By Molly English-Bowers | Nov 18, 2015

A Terrebonne Parish man is suing over civil rights violations and race discrimination at his workplace.

Terence Brooks filed the suit Nov. 9 in U.S. District Court of the Eastern District of Louisiana against Vacco Inc.

In April 2013, the plaintiff, an African-American male, began working for the defendant as a driver. On May 28, 2013, the suit claims, he and a Caucasian male were working at the defendant's Thoma-Sea Shipyard when the employee dangled a noose in front of the plaintiff. The threatening behavior continued, so the plaintiff spoke to management and asked to be assigned to another location. He never received a response.

On June 18, 2013, the plaintiff informed his supervisors he was going to report the noose incident to the Equal Employment Opportunity Commission. He finally received an email response from management about the incident, was told a meeting would be scheduled, but again, nothing happened, the suit claims.
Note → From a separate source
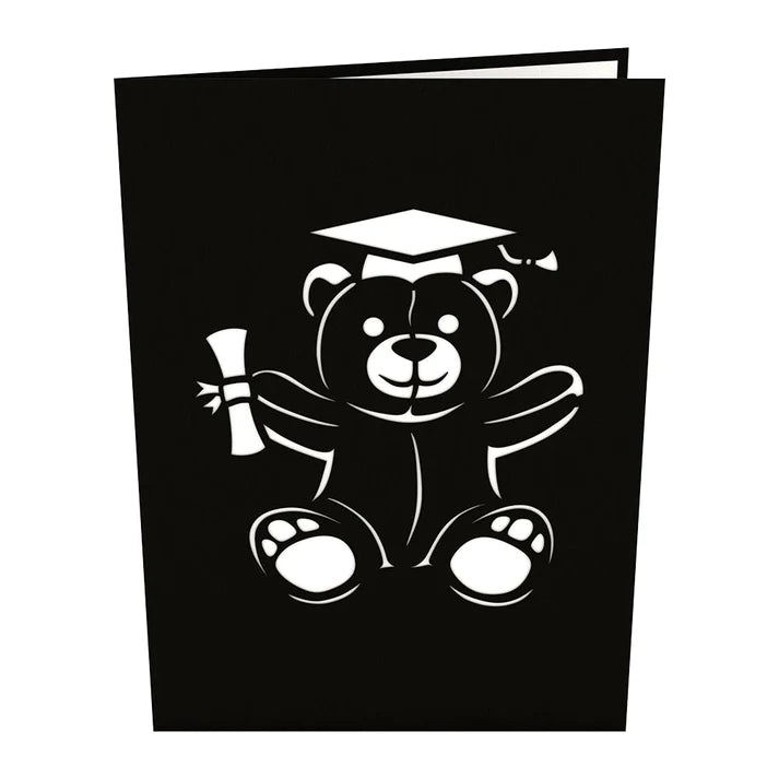 The black cover of this great graduation card features our favorite teddy bear. He is smiling, wearing a mortarboard, and holding a diploma.

After the plaintiff complained and notified management he was going to contact the EEOC, the defendant drastically reduced his work hours. With no job reassignment or increased work hours, the plaintiff says he felt compelled to resign his unemployment.

In addition to a trial by jury, the plaintiff asks to be awarded all available relief, lost wages and benefits, reinstatement of front pay, attorney fees, expenses and court costs.

Representing the plaintiff is Christopher L. Williams, Williams Litigation of New Orleans.

U.S. District Court of the Eastern District of Louisiana case number 2:15-cv-05773-JCZ-SS.